Logan Kilpatrick, Lead at Google AI Studio, said that they are likely to offer free tokens for the next several months.
Meanwhile, OpenAI recently launched GPT-4o mini, priced at $0.15 per million input tokens and $0.60 per million output tokens. This model is significantly more affordable than previous frontier models and over 60% cheaper than GPT-3.5 Turbo. The GPT-4o mini retains many of GPT-4o’s capabilities, including vision support, making it suitable for a broad range of applications.
Additionally, OpenAI has reduced the price of GPT-4o. With the new GPT-4o-2024-08-06, developers can save 50% on input tokens ($2.50 per million) and 33% on output tokens ($10.00 per million) compared to the GPT-4o-2024-05-13 model.
https://x.com/ofermend/status/1822783034296512597
Meta’s Llama 3.1 is a Game Changer
According to Harneet Singh, founder of Rabbitt AI, Meta’s latest model, Llama 3.1 70B, is the most cost-effective option, priced at $0.89 per million tokens while offering capabilities similar to OpenAI’s GPT-4o. “This cost-benefit ratio makes it an attractive choice for budget-conscious enterprises,” he said.
The company used Groq’s hosted APIs for Llama 3.1.
Llama 3.1 70B model has an input token price of $0.59 per million tokens and an output token price of $0.79 per million tokens, with a context window of 8,000 tokens on Groq.
In contrast, the 8B model features a more affordable pricing structure, with input tokens costing $0.05 per million and output tokens priced at $0.08 per million, also with a context window of 8,000 tokens.
In comparison, the inference of Llama 3.1 405B costs $3 per 1M tokens and $5.00 per million output tokens on Fireworks.
“I don’t think it’s possible to make it cheaper without some loss in quality. GPT-4o mini offering a comparable quality costs $0.15 per 1M input tokens and $0.6 per 1M output tokens (and half this price when called in batches),”said Andriy Burkov, machine learning lead at TalentNeuron.
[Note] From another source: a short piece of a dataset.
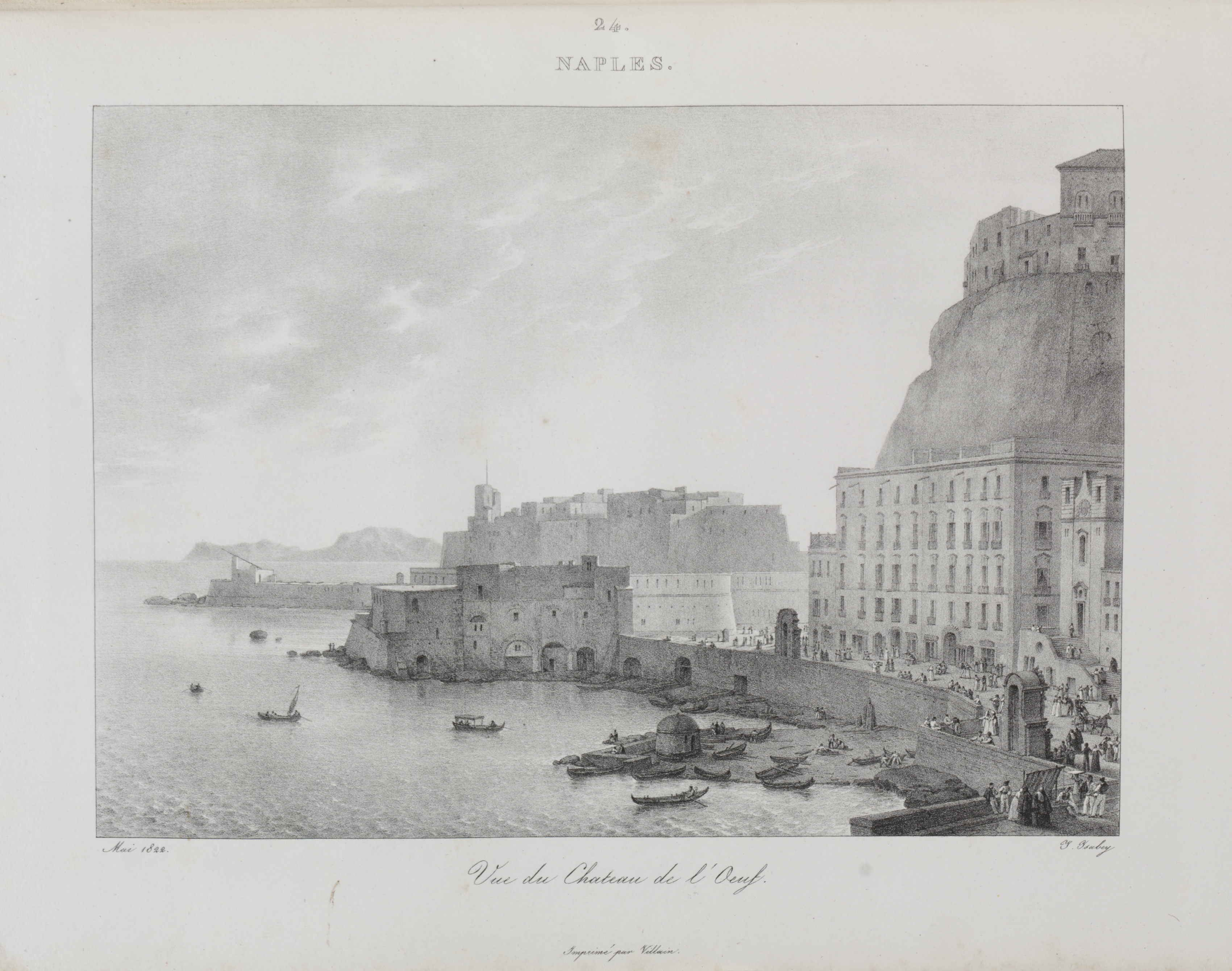 Black and white image. Beige border around image. Top center of border reads "2 /e. NAPLES." Center image shows a body of water. Boats are in the body of water. A long stone wall borders the water on the right. Buildings are on top of the wall and on the right. The building on the right has five stories. People stand on a sidewalk in front of the building. Large hill on the right. Fortress type building on the left. Distant mountains are in the background. The sky is cloudy. Handwritten cursive text is at bottom. Small printed text is at bottom center.

“The math here is broken. Either OpenAI managed to distill a ~500B parameter model into a ~15B parameter model without a quality loss or they use crazy dumping. Any ideas?,” he pondered.
Conclusion
While open-source models like Llama 3.1 70B offer remarkable cost efficiency, proprietary models such as GPT-4o deliver unparalleled quality and speed, albeit at a higher price point.
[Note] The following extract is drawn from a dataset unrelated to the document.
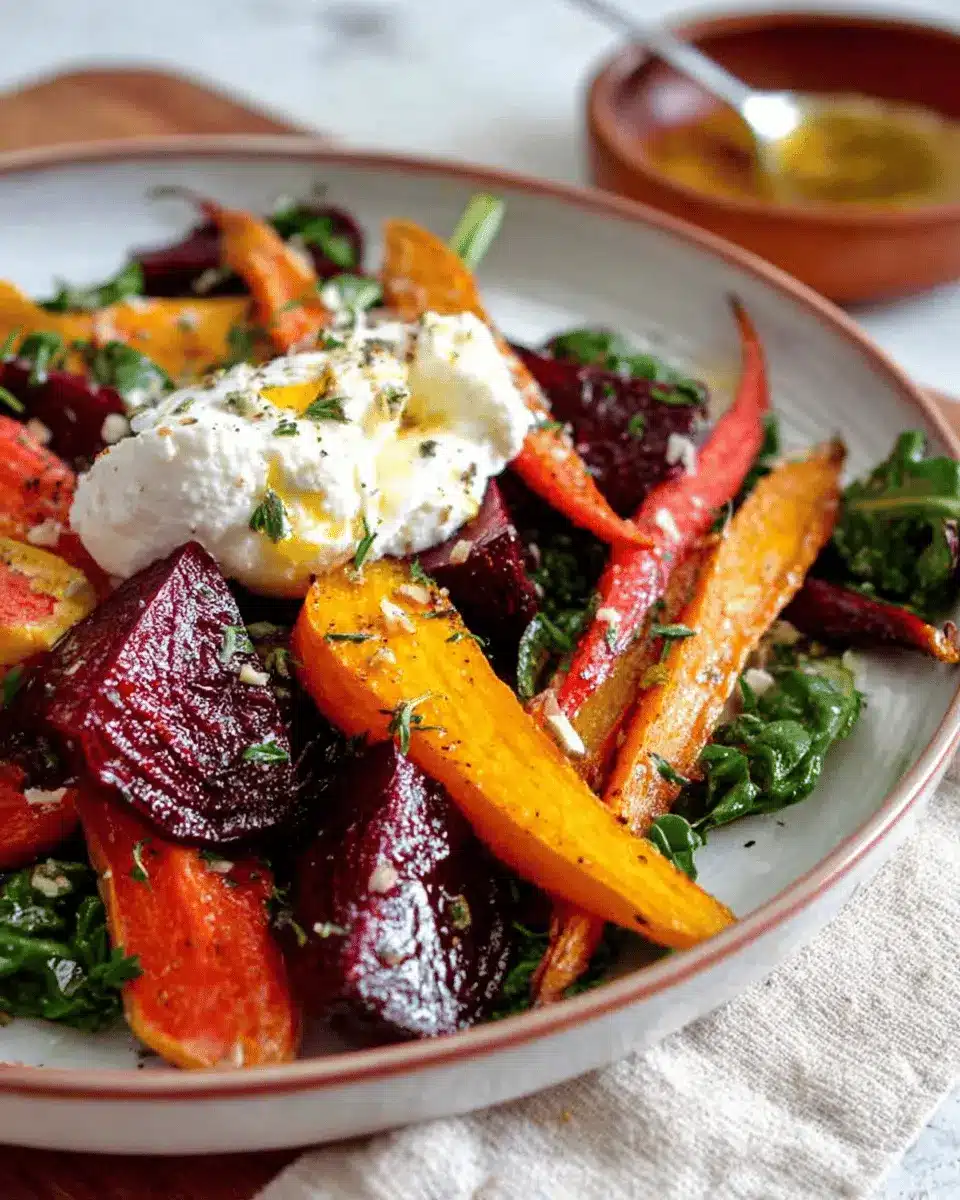 In summary, this roasted beets and carrots salad offers a delightful blend of flavors and textures that is both nutritious and visually appealing. Perfect as a side dish or a light meal, it pairs wonderfully with grilled proteins like chicken or turkey. Enjoy!

GPT-4o provides the most comprehensive multimodal capabilities, supporting text, image, audio, and video inputs. It is suitable for applications requiring diverse input types and real-time processing.
Gemini 1.5 Flash integration with Google’s ecosystem can be a significant advantage for businesses already using Google’s services, offering seamless integration and additional functionalities.
The choice of model thus largely depends on the specific needs and budget constraints of the enterprise.